L’inclusion des peuples autochtones a été une priorité, visant à renforcer leur rôle dans la conservation de la biodiversité. Un organe permanent sous la Convention sur la biodiversité sera créé pour assurer leur participation, reconnaissant leurs savoirs traditionnels comme essentiels dans la gestion durable des écosystèmes. Les Écologistes saluent cette reconnaissance, pour laquelle nous avons milité depuis longtemps.

Fausses solutions et double échec

Les débats ont également porté sur la généralisation du principe de “crédits biodiversité” sur le modèle des crédits carbone, une proposition soutenue par l’actuelle ministre de la transition écologique Agnès Pannier-Runacher. Cependant, de nombreuses études ont démontré l’inefficacité des crédits biodiversité depuis leur première mise en place en 1972 sous l’administration Nixon aux États-Unis, visant à protéger les zones humides. Détruire une zone humide en Pologne en échange d’un reboisement en Indonésie est un non sens écologique. Ces crédits promettent juste une marchandisation de la destruction de la nature sans permettre de réelle compensation des impacts écologiques.

Cette COP s’est surtout soldée par un double échec : l'absence d'adoption de règles ambitieuses et d'indicateurs fiables pour mesurer la réalité des efforts des pays depuis la COP 27, ainsi que l'absence d'accord sur le financement des mesures de protection de la biodiversité.

L’absence d’Emmanuel Macron : un signal regrettable

Dans un contexte où la mobilisation des dirigeants mondiaux est cruciale, l’absence du président de la République française à la COP16, comme aux précédentes, est regrettable. La chaise vide laissée par la France lors des COP, tout comme sa très faible contribution aux fonds mondiaux issus de l’accord de Kunming-Montréal, envoient un signal négatif quant à l’engagement de notre pays pour la biodiversité.

Ce désengagement de la France est d’autant plus regrettable que la biodiversité française est d’une richesse exceptionnelle, englobant des écosystèmes variés : forêts, montagnes, zones humides et littoraux. Notre pays abrite près de 10% de la biodiversité mondiale ! Nous avons donc un rôle fondamental à jouer dans la lutte mondiale contre l’extinction de masse des espèces. 

Malheureusement, si des plans ont été annoncés, ils manquent de moyens et de mesures de régulation contraignantes.

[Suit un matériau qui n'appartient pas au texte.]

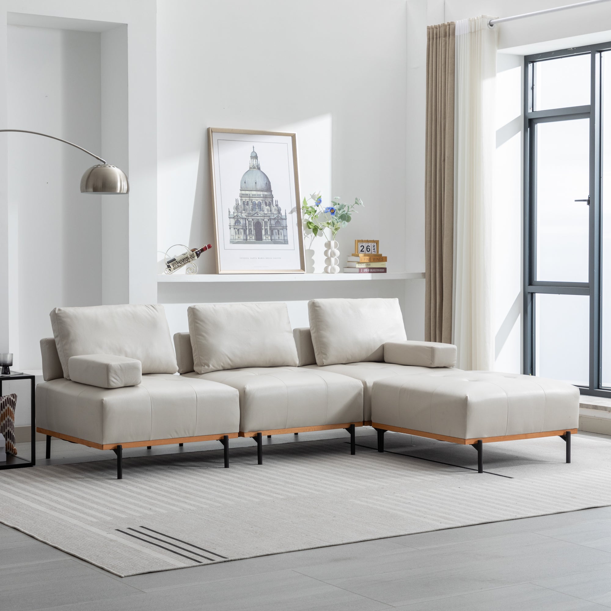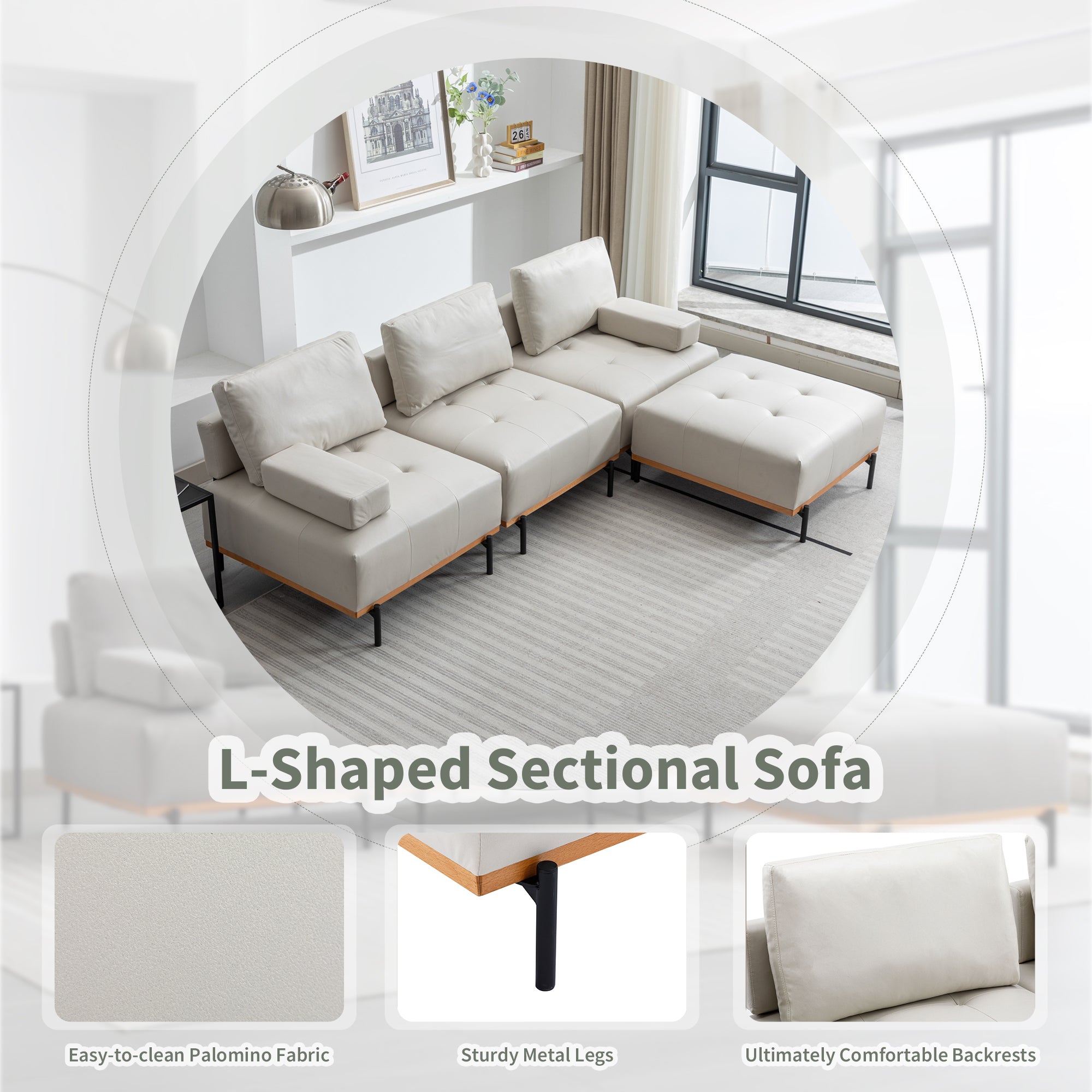 100.7'' L-Shape Sectional Sofa 3-Seater Couches with a Removable Ottoman, Comfortable Fabric for Living Room, Apartment, Beige

La division par deux du budget alloué à la stratégie nationale pour la biodiversité prévue par le gouvernement Barnier est inadmissible. Les élu⸱es écologistes, appuyé⸱es par des ONG et des scientifiques, plaident pour une augmentation des financements publics pour la préservation de la biodiversité et pour une réforme des subventions néfastes, comme celles qui encouragent la monoculture intensive.

Aminata Niakaté et Sophie Bussière, porte-paroles nationales
Pauline Nales, représentante des Écologistes français au Global greens
La commission Biodiversité et nature


* IPBES : Plateforme intergouvernementale scientifique et politique sur la biodiversité et les services écosystémiques

** Une étude de 2022 réalisée conjointement par 12 grandes universités dans le monde, dont Harvard et Oxford, a démontré que 400 000 morts dans le monde étaient d’ores-et-déjà dûs chaque année au déclin des pollinisateurs.